* _Task_:
Only the lines from the one with "胡散臭い通販商品みたいなあだ名 | 『世界中を虜にした100年もののヴィンテージワイン…その名も「だにか」』 |" through the end of the data below belong in the answer, restated word for word, pictures excluded.

┏━━

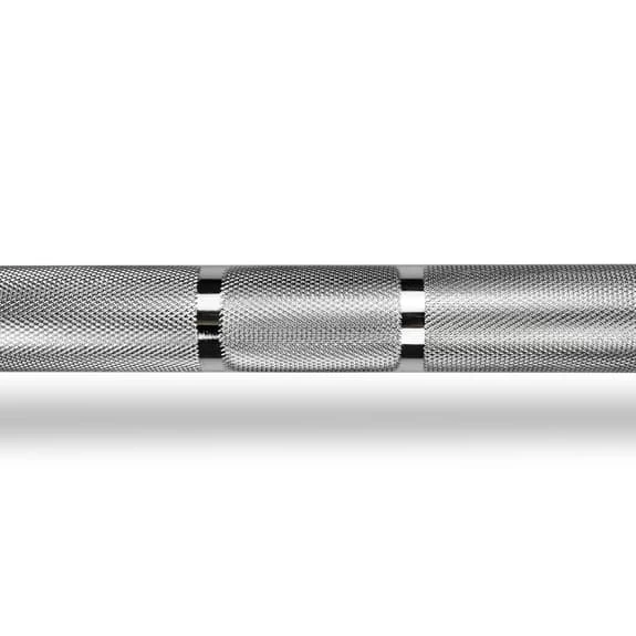 The Leffort 220 cm Olympic bar is designed specifically for weightlifting or powerlifting work, following the competition and training standards in terms of size and weight. Thanks to the 4 ball bearings, the ends rotate freely in relation to the grip to ensure smooth movement and prevent possible injuries to joints such as the wrist. It also has standard markings for measuring the width of the grip.
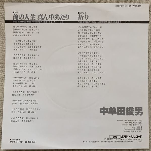 1980年、定価700円、ポリドール、番号7DX1020
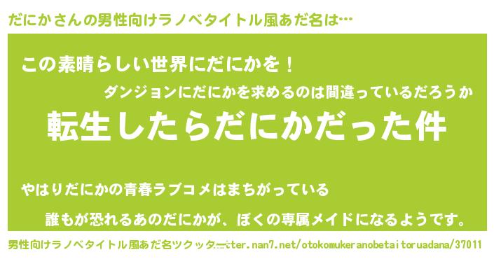 | 胡散臭い通販商品みたいなあだ名 | 『世界中を虜にした100年もののヴィンテージワイン…その名も「だにか」』 |
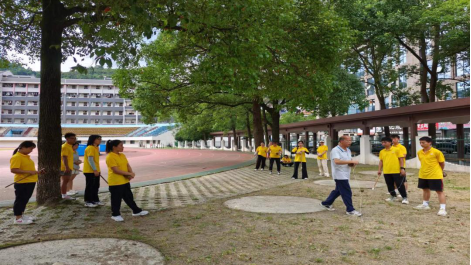 在陀螺技术教学环节,龙佩林教授首先向学员们介绍了陀螺项目的起源、发展历程以及不同地区的特色差异,使学员们对这一传统体育项目有了更加全面的认识。随后,龙教授亲自示范了放陀和打陀,并指出了其关键要点,包括正确的握陀姿势、发力角度和力度等,让学员们对技术要领有了直观的理解。龙佩林教授耐心地纠正学员的错误动作,确保每位学员都能准确掌握技术要领。在教授的悉心指导下,学员们通过反复练习,逐渐掌握了打陀技术和放陀技术。此外,龙教授还向学员们展示了团队陀螺比赛的形式和得分细则,并讲解了陀螺技术与田径体育项目之间的相通之处,加深学员们对陀螺运动的理解。
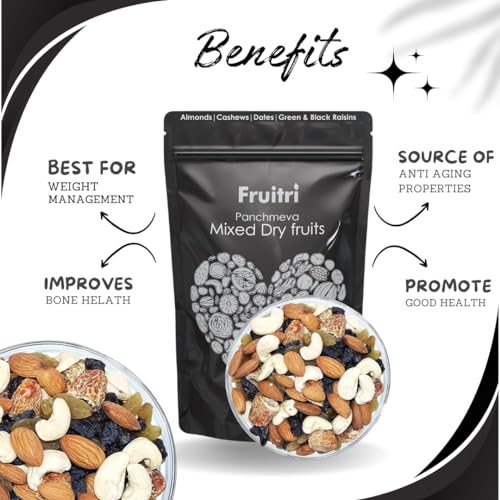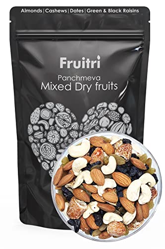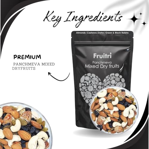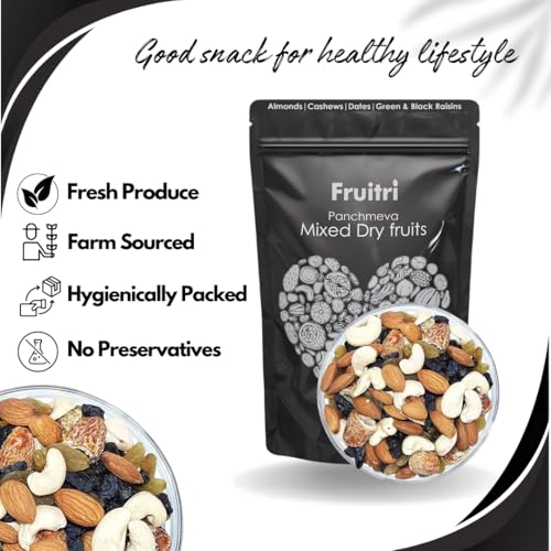 PREMIUM SELECTION: Fruitri Panch Meva Mixed Dry Fruits are made from a carefully selected blend of high-quality almonds cashews dates green and black raisins.

┗━━

* _Solution for this problem_:
 | 胡散臭い通販商品みたいなあだ名 | 『世界中を虜にした100年もののヴィンテージワイン…その名も「だにか」』 |
 在陀螺技术教学环节,龙佩林教授首先向学员们介绍了陀螺项目的起源、发展历程以及不同地区的特色差异,使学员们对这一传统体育项目有了更加全面的认识。随后,龙教授亲自示范了放陀和打陀,并指出了其关键要点,包括正确的握陀姿势、发力角度和力度等,让学员们对技术要领有了直观的理解。龙佩林教授耐心地纠正学员的错误动作,确保每位学员都能准确掌握技术要领。在教授的悉心指导下,学员们通过反复练习,逐渐掌握了打陀技术和放陀技术。此外,龙教授还向学员们展示了团队陀螺比赛的形式和得分细则,并讲解了陀螺技术与田径体育项目之间的相通之处,加深学员们对陀螺运动的理解。
 PREMIUM SELECTION: Fruitri Panch Meva Mixed Dry Fruits are made from a carefully selected blend of high-quality almonds cashews dates green and black raisins.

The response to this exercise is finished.